Update README

szarnyasg · szarnyasg · commit 8c3a67ab4dc9 · 2023-09-01T09:25:09.000-07:00
diff --git a/README.md b/README.md
@@ -1,98 +1,113 @@
 ![LDBC logo](ldbc-logo.png)
-# LDBC SNB Interactive workload implementations
+# LDBC SNB Interactive v2 workload implementations
 
 [![Build Status](https://circleci.com/gh/ldbc/ldbc_snb_interactive_impls.svg?style=svg)](https://circleci.com/gh/ldbc/ldbc_snb_interactive_impls)
 
-Reference implementations of the LDBC Social Network Benchmark's Interactive workload ([paper](https://homepages.cwi.nl/~boncz/snb-challenge/snb-sigmod.pdf), [specification on GitHub pages](https://ldbcouncil.org/ldbc_snb_docs/), [specification on arXiv](https://arxiv.org/pdf/2001.02299.pdf)).
+This repository contains reference implementations of the LDBC Social Network Benchmark's Interactive v2 workload.
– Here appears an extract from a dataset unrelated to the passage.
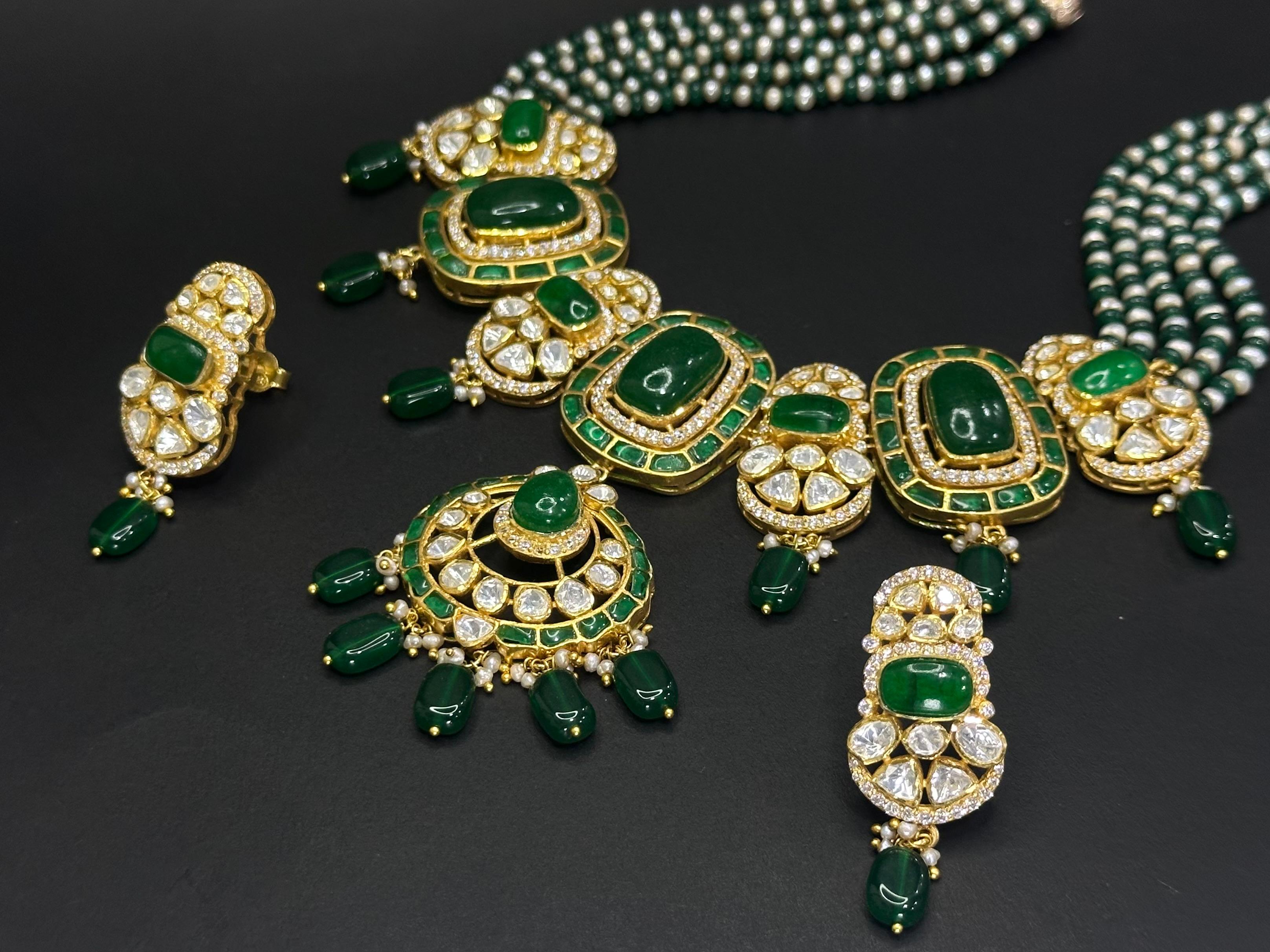 This elegant 925 silver green stone necklace set blends traditional craftsmanship, vibrant gemstone accents, and timeless design, making it a graceful statement piece for special occasions. ✨

See details on the benchmark, see the [SIGMOD 2015 paper](https://ldbcouncil.org/docs/papers/ldbc-snb-interactive-sigmod-2015.pdf), [specification on GitHub Pages](https://ldbcouncil.org/ldbc_snb_docs/), and [specification on arXiv](https://arxiv.org/pdf/2001.02299.pdf).
 
-To get started with the LDBC SNB benchmarks, check out our introductory presentation: [The LDBC Social Network Benchmark](https://docs.google.com/presentation/d/1NilxSrKQnFq4WzWMY2-OodZQ2TEksKzKBmgB20C_0Nw/) ([PDF](https://ldbcouncil.org/docs/presentations/ldbc-snb-2021-12.pdf)).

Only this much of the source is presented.